E. Secondary Cataracts:

A Secondary cataract, or Capsular Fibrosis, is directly related to a specific disease, systemic disorder or chemical agent such as prescription medications. The physical appearance and manifestation of these different types of cataracts varies. For example, long term use of prednisone (steroid) frequently will result in cataracts. Many other medications have been found to cause cataracts. The decision as to the use of these medications should always be considered in light of this possiblity. Additionally, cataracts can form secondarily to some type of systemic disease. One disease that has frequently been shown to result in secondary cataracts is diabeties.

ANSWERS TO YOUR QUESTIONS ABOUT CATARACTS:

Why do cataracts form?

Scientists do not know the exact cause of cataract formation. However, they do know that a chemical change takes place within the natural lens of the eye causing it to become clouded. This clouding progresses with age and if left untreated, can cause servere visual impairment.

Who gets cataracts?

90% of cataracts are due to the normal aging process affecting people over the age of 50. Not all cataracts, however, are due to age. Lens opacities can be present at birth, while others develop by another cause. Some factors that have been found to contribute to the formation of cataracts are: Age, Genetics, Injury, Nutritional deficiencies, Ultra-violet, (UV) radiation, Chemotherapy, Steroid Therapy, Diabeties, or Renal Failure.

What are some symptoms of cataracts?

  • Blurred, fuzzy or hazy vision
  • Seeing as though looking through a cobweb, or having a film over the eye
  • Frequent changing of glasses prescriptions, or seeing better without glasses
  • Rings or halos around lights
  • Severe decrease in vision with glare or bright lights in the eye

Misconceptions about cataracts:

"Blindness": Early cataracts may impair sight, but fortunately the "blindness" is only temporary. After the lens is removed and replaced with a new lens, sight is restored. See Cataract Surgery for a more detailed explanation.

"Skin growing over the eye": Cataracts are often confused with pterygium, which is a connective tissue growing over the cornea.
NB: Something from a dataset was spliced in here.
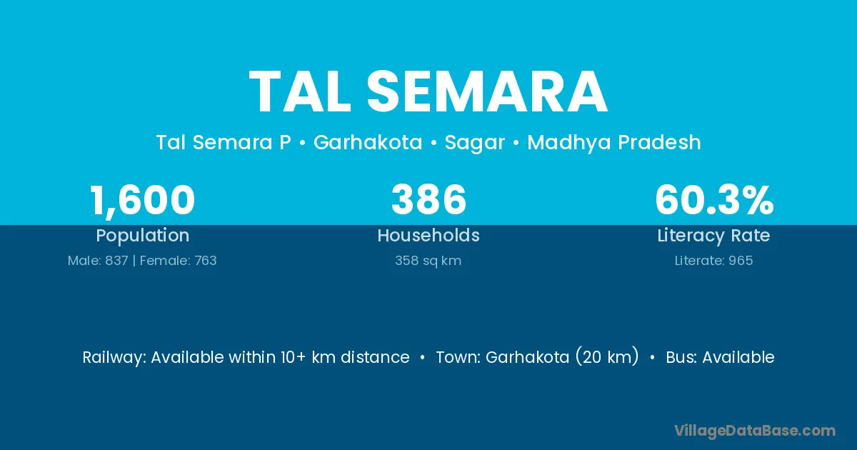 Garhakota (20 km) is the nearest town to Tal Semara village for major economic activities and is located approximately 20 km away.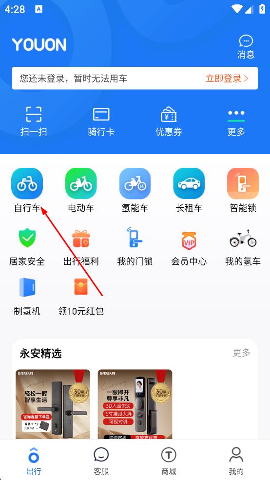 1、打开永安行APP,在出行页面点击“自行车”选项,进入自行车租赁地图界面。

"Spreading of Cataracts": An individual usually does have cataracts in both eyes, but this is not due to a spreading from one eye to the other, as in an infectious process.

TESTS TO EVALUATE A CATARACT:

Visual Acuity: When the vision cannot be corrected to better than 20/50, surgery is recommended.

Biomicroscopy: This examination enables the doctor to look at the cataract's shape and density in order to evaluate the degree of expected vision loss.

Extended Ophthalmoscopy: Dilating drops are placed in the eye so to allow the doctor a direct view of the back of the eye. This is important to assess the blood circulation and any abnormalities that may contraindicate surgery. See ophthalmoscopy for more detailed information.

Visual Fields: The visual field test measures the neurological sensitivity of the retinal nerves in the back of the eyes.

A-Scan: The A-Scan is a device to measure the length of the eye by ultrasonography. The A-Scan's computer is then able to calculate what the best IOL (intraocular lens) power should be to achieve the best possible vision after surgery.